Rice, who is single, works 14-hour days, and since 9/11 no member of President Bush's team has spent more time consulting him on foreign policy issues. She is a key strategist in the campaign against terrorism. According to Businessweek, she is probably the most influential national security adviser since Henry Kissinger in the 1970s.
She has been active in helping the president devise a strategy for brokering peace between Israel and Palestine. And she recently displayed grace under attack as she weathered the barrage of media interrogations following revelations that perhaps the White House didn't act on early warnings about the September 11 attacks. "There was no specific time, place, or method mentioned," she calmly told reporters.
It wasn't the first time Rice has been embroiled in public controversy. As provost of Stanford University, over the vocal opposition of many faculty and students, Rice navigated difficult fiscal waters. She chopped tens of millions of dollars from Stanford's debt-ridden budget and saw the school emerge two years later with balanced books and the promise of a fresh infusion of funding from impressed benefactors.

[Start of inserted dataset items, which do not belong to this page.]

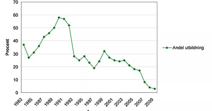 Idag ordnar Arbetsförmedlingen utbildning åt tre procent av de arbetslösa i åtgärder. Fram till 2003 var siffran omkring 25 procent.
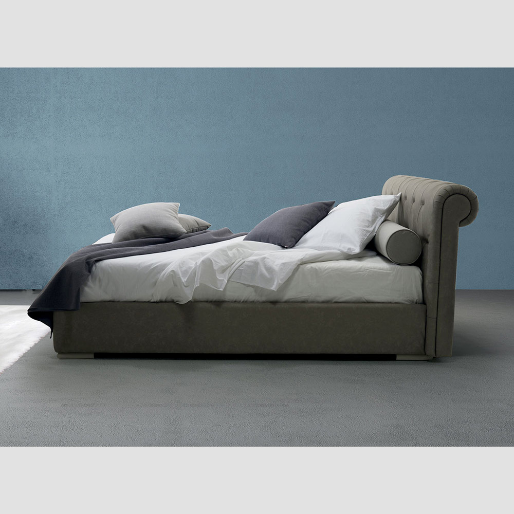 Pat dublu tapițat de lux din material textil sau piele ecologică, realizat manual în Italia cu cutie de depozitare.
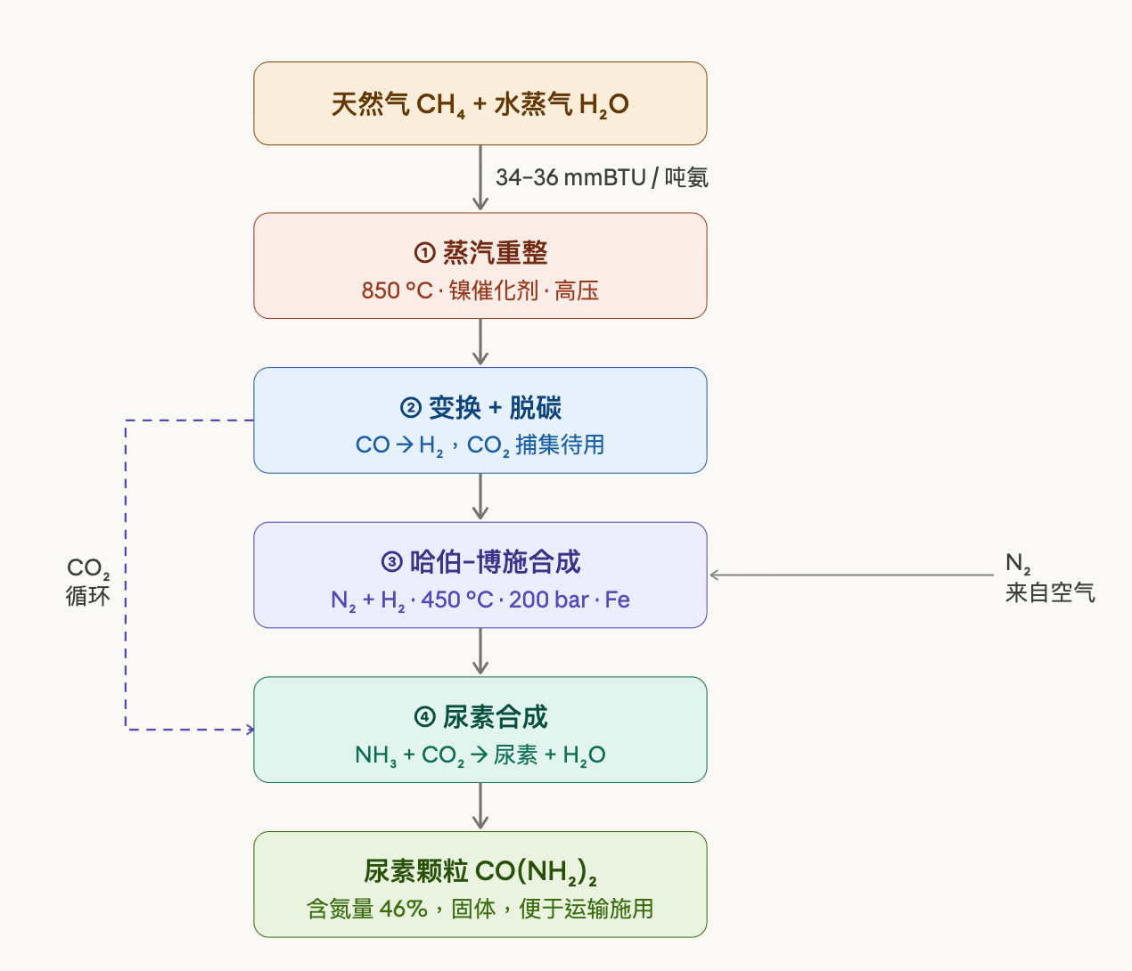 生产一吨氨大约需要36个mmBTU的天然气。氨再经过化学转化,变成尿素——一种含氮46%的白色颗粒,方便运输、方便施用,是全球用量最大的氮肥。去花市或者超市里买花时,都会附带赠送一小包白色颗粒,这就是尿素。
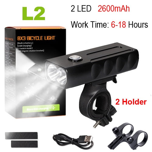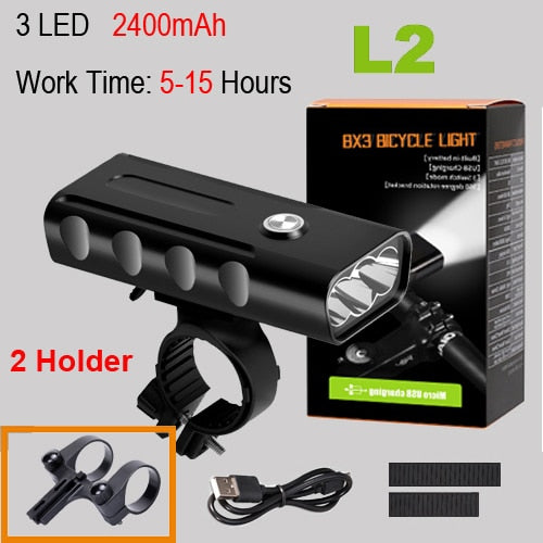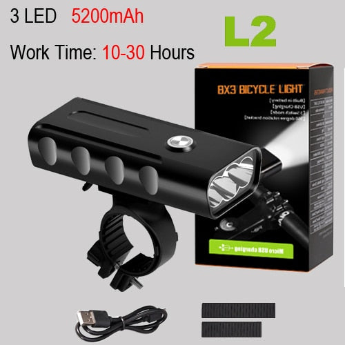 NEWBOLER 5200mAh Bike Light Kit T6 L2 Flashlight For Bicycle 2400 Lumen Led Lantern USB Headlight Mount Bracket Cycle Fornt Lamp

Though her hardnosed decisions won her plenty of enemies, she also gained the respect and affection of many and proved herself to be a rock-solid manager as well as a vigorous scholar. "Condi was not running any popularity contest," Stanford political science professor and Rice's longtime friend Coit Blacker told The Washington Post after her appointment as national security adviser. "She was effective as provost because of her ability to make tough decisions and stick to them even if they made people unhappy."
Daniel Clendenin, another Rice acquaintance, who heads the graduate staff of InterVarsity Christian Fellowship at Stanford, says he admires Rice's courage and faith. "She is a woman of prayer," he says.
Faith, hope, and education
Condoleezza Rice ("Condi" to those who know her well) was born on November 14, 1954, in Birmingham, Alabama. The Alabama of Rice's childhood was a strange world of legislated racism, where often the first words that black children learned to read were on the signs above water fountains and on restroom doors: COLORED ONLY.
Her devoted parents—Angelena, who taught music and science at an all-black high school, and John, who pastored Birmingham's Westminster Presbyterian Church, was dean of the historically black Stillman College, and later the vice chancellor of the University of Denver—saw to it that their daughter had the best things in life. Though not without struggle, they gave her a rare family pedigree, a devout faith, and a strong sense of self-worth.